*Supplied material*.

______________________________

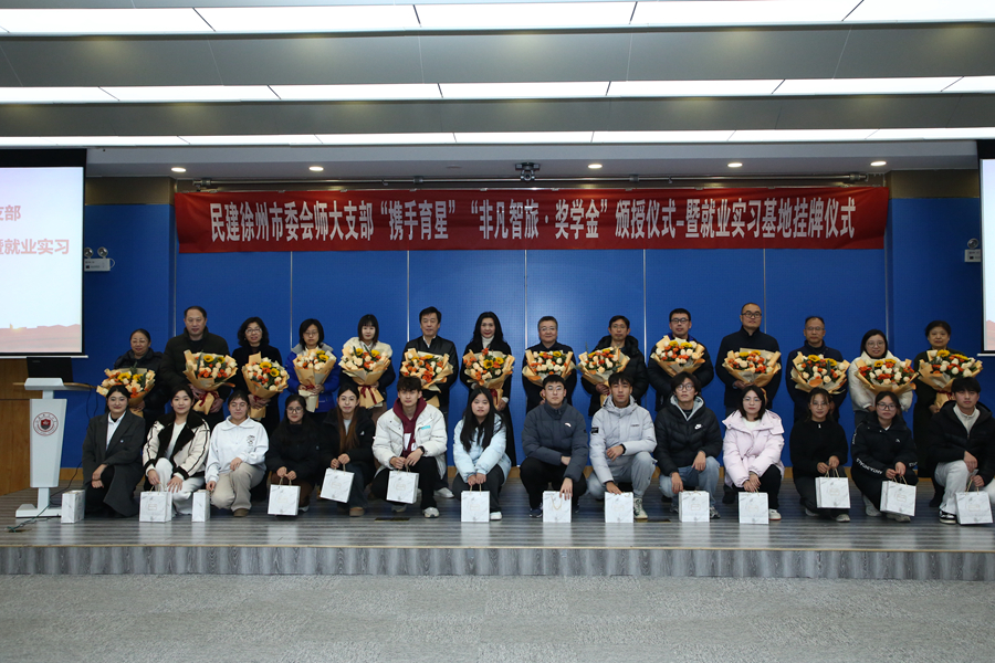 儀式上,民建江蘇師大支部主委周曉云匯報了“攜手育星獎學金”評定概況和實習實訓基地設置情況。林斌為攜手育星獎學金獲得者頒發了證書,芮國強為“攜手育星”活動的捐助企業江蘇非凡智旅信息技術有限公司頒發了捐資證書、為民族學生創業導師頒發了聘書并授牌所在企業為我校就業實習基地。
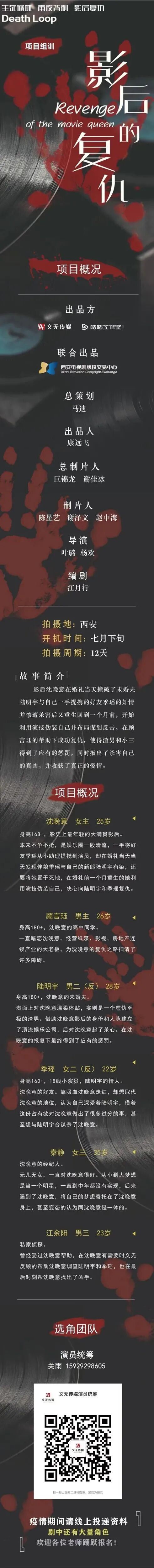 本栏目发布组讯由小编采集与业界共享,组讯如有变化请以实际情况为准。如果遇到剧组收费情况,请谨慎对待并私信官微@戏客Seeker,我们会公示问题组讯并及时处理。谢谢。
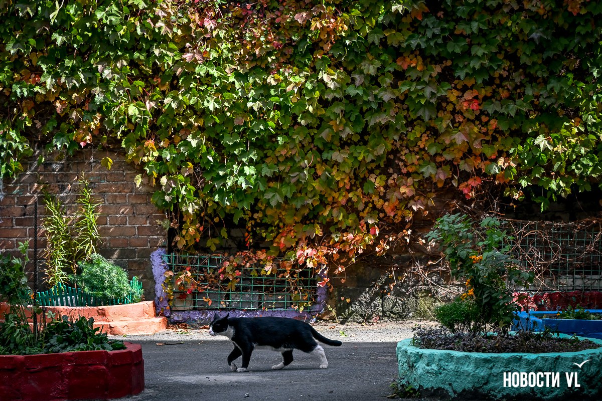 Осенний листопад во Владивостоке переживают не только деревья и кустарники, но и лианы. В городе их немного, но всё-таки есть. По декоративности покрывающиеся багрянцем лианы могут поспорить с воспетыми кострами рябин. Часть растений пока и не думает сбрасывать листья: остаётся активно-зелёной и едва начинает менять цвет. Но и она скоро покраснеет или пожелтеет. Горожане называют их плющом, но это два вида девичьего винограда. Настоящие плющи в нашем климате зимовать не могут.
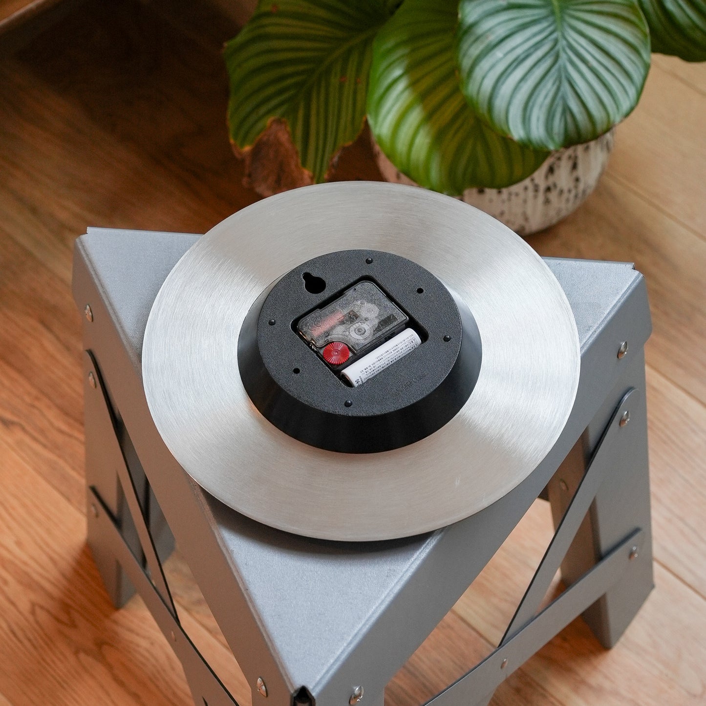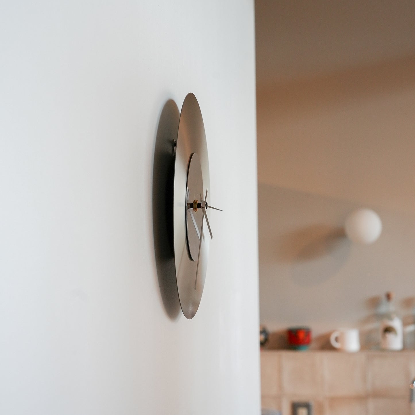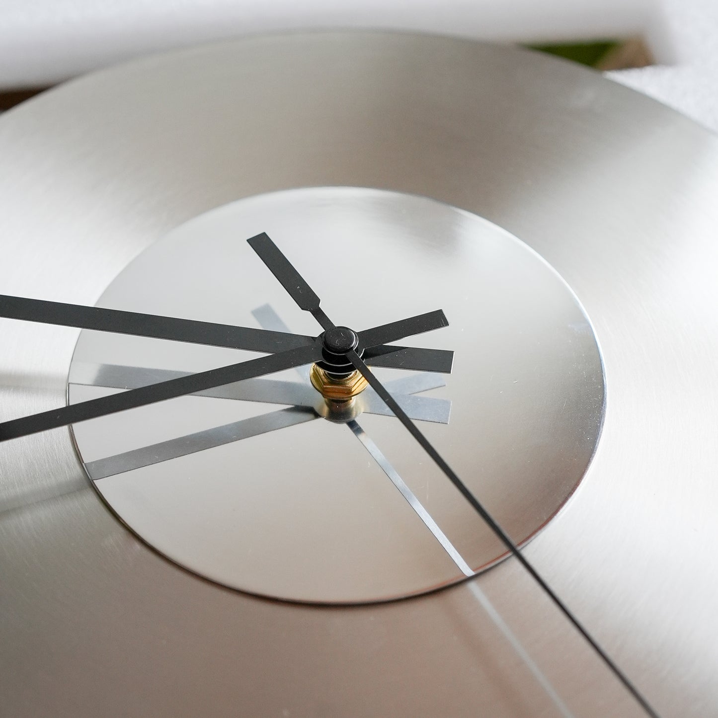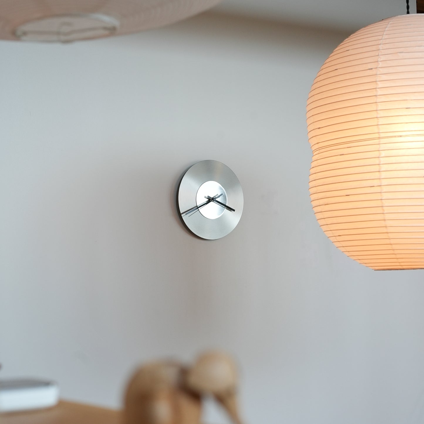 削ぎ落とされたフォルムと、ステンレスのマットな質感が際立つ壁掛け時計。
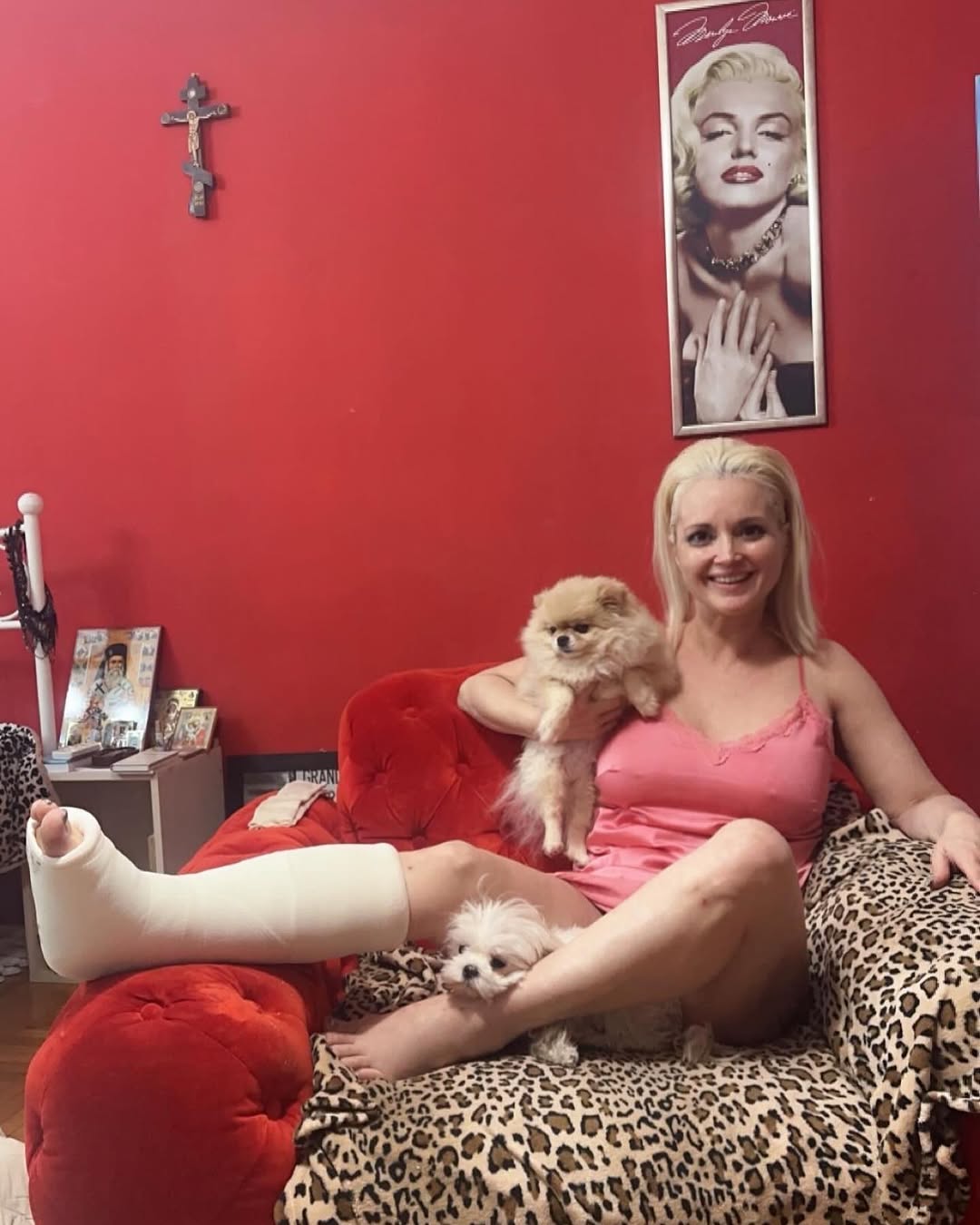 Покрај тоа, таа ја крена повредената нога, со што гипсот ѝ дојде во преден план.
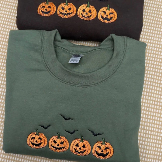 Embroidered Halloween Pumpkins & Bats Sweatshirt – Spooky Season Crewneck
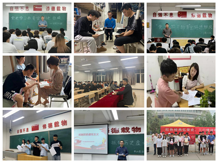 广泛宣传增氛围。充分运用各类阵地、平台多角度宣传党史学习教育内容,营造知史爱党、明史爱国的浓厚氛围。在官微开设“忆百年荣光 铭初心使命•百年华诞”栏目,将党史学习教育融入日常。学院抖音号、微信不间断推送活动视频并且在学院网站动态栏目开设“党建工作”专题,及时刊发学院开展党史学习教育的动态信息,深入宣传学院党总支在各项活动开展中的好做法、好经验和取得的良好成效。
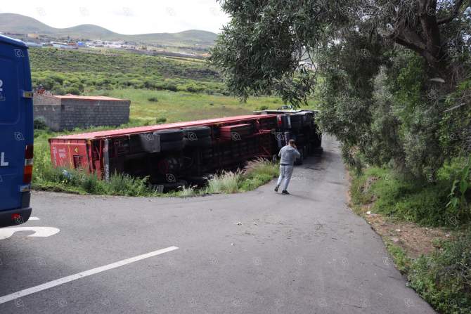 El vehículo, un camión de 18 ruedas que se dirigía a entregar material, subía cargado de mercancías por carretera de Los Picos hacia Lomo Bristol. Al abandonar la GC-130 a la altura del número 121 y tomar un desvío a la izquierda por un camino vecinal, junto a una antigua presa, se topó con un pequeño desnivel que el conductor no advirtió y que provocó el vuelco.
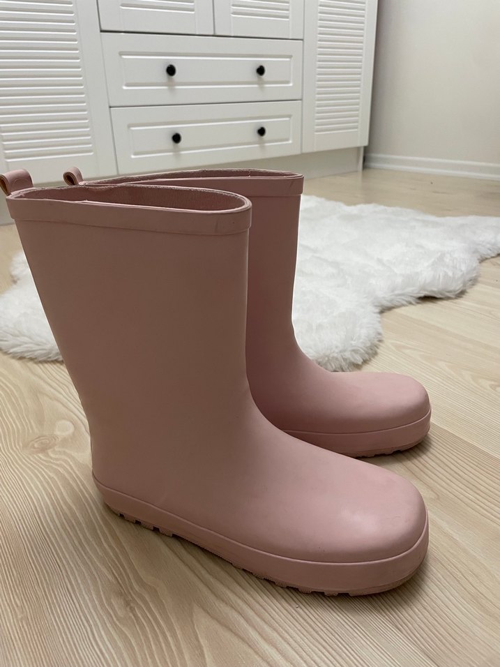 Kız çocukları için pastel pembe renkte, lastik malzemeden yapılmış, desensiz ve normcore tarzında rahat çizme.

______________________________

Set down every record exactly as written, but drop the pictures.

 儀式上,民建江蘇師大支部主委周曉云匯報了“攜手育星獎學金”評定概況和實習實訓基地設置情況。林斌為攜手育星獎學金獲得者頒發了證書,芮國強為“攜手育星”活動的捐助企業江蘇非凡智旅信息技術有限公司頒發了捐資證書、為民族學生創業導師頒發了聘書并授牌所在企業為我校就業實習基地。
 本栏目发布组讯由小编采集与业界共享,组讯如有变化请以实际情况为准。如果遇到剧组收费情况,请谨慎对待并私信官微@戏客Seeker,我们会公示问题组讯并及时处理。谢谢。
 Осенний листопад во Владивостоке переживают не только деревья и кустарники, но и лианы. В городе их немного, но всё-таки есть. По декоративности покрывающиеся багрянцем лианы могут поспорить с воспетыми кострами рябин. Часть растений пока и не думает сбрасывать листья: остаётся активно-зелёной и едва начинает менять цвет. Но и она скоро покраснеет или пожелтеет. Горожане называют их плющом, но это два вида девичьего винограда. Настоящие плющи в нашем климате зимовать не могут.
 削ぎ落とされたフォルムと、ステンレスのマットな質感が際立つ壁掛け時計。
 Покрај тоа, таа ја крена повредената нога, со што гипсот ѝ дојде во преден план.
 Embroidered Halloween Pumpkins & Bats Sweatshirt – Spooky Season Crewneck
 广泛宣传增氛围。充分运用各类阵地、平台多角度宣传党史学习教育内容,营造知史爱党、明史爱国的浓厚氛围。在官微开设“忆百年荣光 铭初心使命•百年华诞”栏目,将党史学习教育融入日常。学院抖音号、微信不间断推送活动视频并且在学院网站动态栏目开设“党建工作”专题,及时刊发学院开展党史学习教育的动态信息,深入宣传学院党总支在各项活动开展中的好做法、好经验和取得的良好成效。
 El vehículo, un camión de 18 ruedas que se dirigía a entregar material, subía cargado de mercancías por carretera de Los Picos hacia Lomo Bristol. Al abandonar la GC-130 a la altura del número 121 y tomar un desvío a la izquierda por un camino vecinal, junto a una antigua presa, se topó con un pequeño desnivel que el conductor no advirtió y que provocó el vuelco.
 Kız çocukları için pastel pembe renkte, lastik malzemeden yapılmış, desensiz ve normcore tarzında rahat çizme.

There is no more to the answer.